Now follow one of the links on the page to navigate to the product detail page.

  1. Edit Product.aspx page
  2. Add Catalog-Item Reuse web part from the Search-Driven Content category
  3. Edit web part properties
  4. Press Change Query to bring up the Query Builder user interface
    1. On the Basics tab, switch to Advanced Mode, select Product result source in the dropdown
    2. Set Query text to productid:{URLToken.1}
    3. Press OK to close the query builder
  5. In the Property Mappings section, select ProductDescription managed property
  6. Press OK to apply changes and save the page

Finally, the Product page should look like this:
Product

Crawling Publishing Sites in SharePoint 2010

Scenario

You have a publishing site with a number of pages that use web parts to display dynamic content based on a query string parameter value. You crawl the site using the SharePoint connector but all you can find is the static page content – the dynamic content generated by the web parts is not searchable.

Solution

The SharePoint connector indexes the content of the Pages library but it ignores “complex URLs” meaning that it ignores URLs that contain query string parameters. The fix is simple – create a Crawl Rule in Central Administration and make sure that the fields are configured as follows:

  • Path: http://hostname/*
  • Crawl Configuration: Include all items in this path
    • Crawl comlex URLs
    • Crawl SharePoint content as http pages

Run a Full Crawl after adding the crawl rule and the dynamic page content should now be searchable.

Example

Let’s say we have a marketing site used to promote a number of different products. We created a single publishing page to show product information for all of the different product models and added the following web part to the page to dynamically set the page title and add product details to the page.

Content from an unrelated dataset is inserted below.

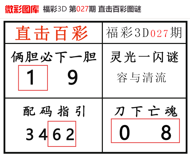 • 26029期:福彩3D【直击百彩】微彩图谜 上期胆码红7、配码红2
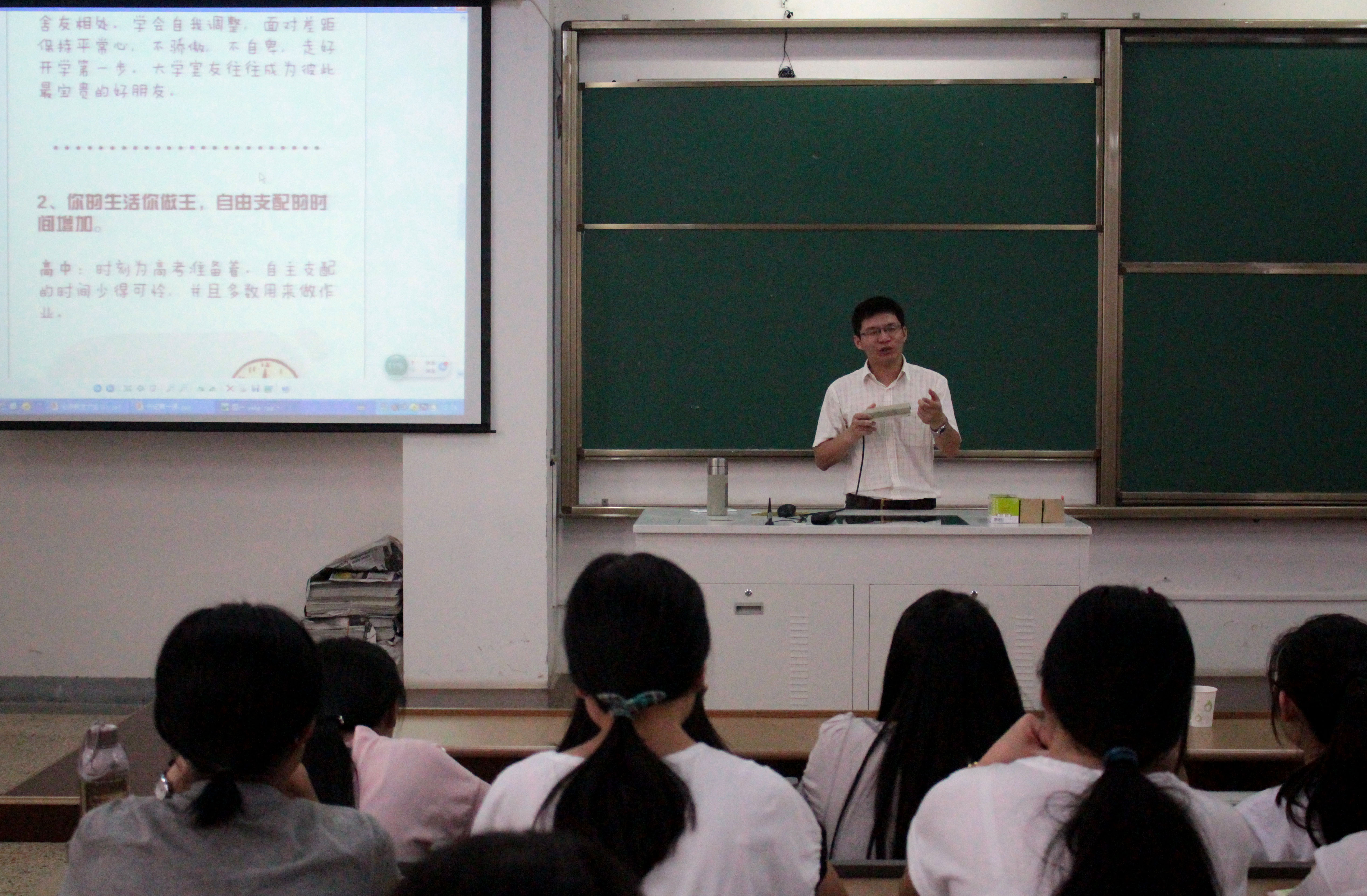 大会伊始,主讲人潘书记围绕“大学的大,怎么样读大学”的主题,细致地为我系新生描绘了一副全新的大学生活蓝图,并提出“大学之大,就是在有限的空间孕育无限的精神和文化”的观点进行论述,将“大学”这个抽象的概念转化为形象的见解,首次给带来新生不一样的大学体验。潘书记更是提出了“学会自学”的学习理念,告诫全体新生上大学,归根结底要让自己成为一个有人文素养的人,通过“勤、慎、诚、恕”四条标准来不断加强自身人文修养,才能活出属于自己的大学生活。

[ToolboxItemAttribute(false)]
public class ProductInformation : WebPart
{
    protected override void CreateChildControls()
    {
        // get the model number from query string
        string modelNumber = Page.Request.QueryString["ModelNumber"];
        if (!string.IsNullOrEmpty(modelNumber))
        {
            // assign a product category based on the model number
            string productCategory = string.Empty;
            switch (modelNumber)
            {
                case "M300":
                case "M400":
                case "M500":
                case "X200":
                case "X250":
                    productCategory = "Digital Camera";
                    break;
                case "X300":
                case "X358":
                case "X400":
                case "X458":
                case "X500":
                    productCategory = "Digital SLR";
                    break;
            }

            // set the page title
            ContentPlaceHolder contentPlaceHolder = (ContentPlaceHolder)Page.Master.FindControl("PlaceHolderPageTitle");
            contentPlaceHolder.Controls.Clear();
            contentPlaceHolder.Controls.Add(new LiteralControl() { Text = string.Format("{0} {1}", modelNumber, productCategory) });

            // add the model number and product category to the page as an H2 heading
            Controls.Add(new LiteralControl() { Text = string.Format("<h2>{0} {1}</h2>", modelNumber, productCategory) });
        }
    }
}

There’s also a static rollup page with a link to each product information page.
ProductRollupPage

We run a full crawl using a SharePoint connector and search the site for one of the product model numbers. All we get back is a single result to the rollup page.
ProductSearchBefore

Navigate to Central Administration > Search Service Application > Crawl Rules and create a new crawl rule using the settings below.
CrawlRuleComplexURLs

Run another full content crawl and then search the site for the same product model number used previously. This time the product information page is included in the search results.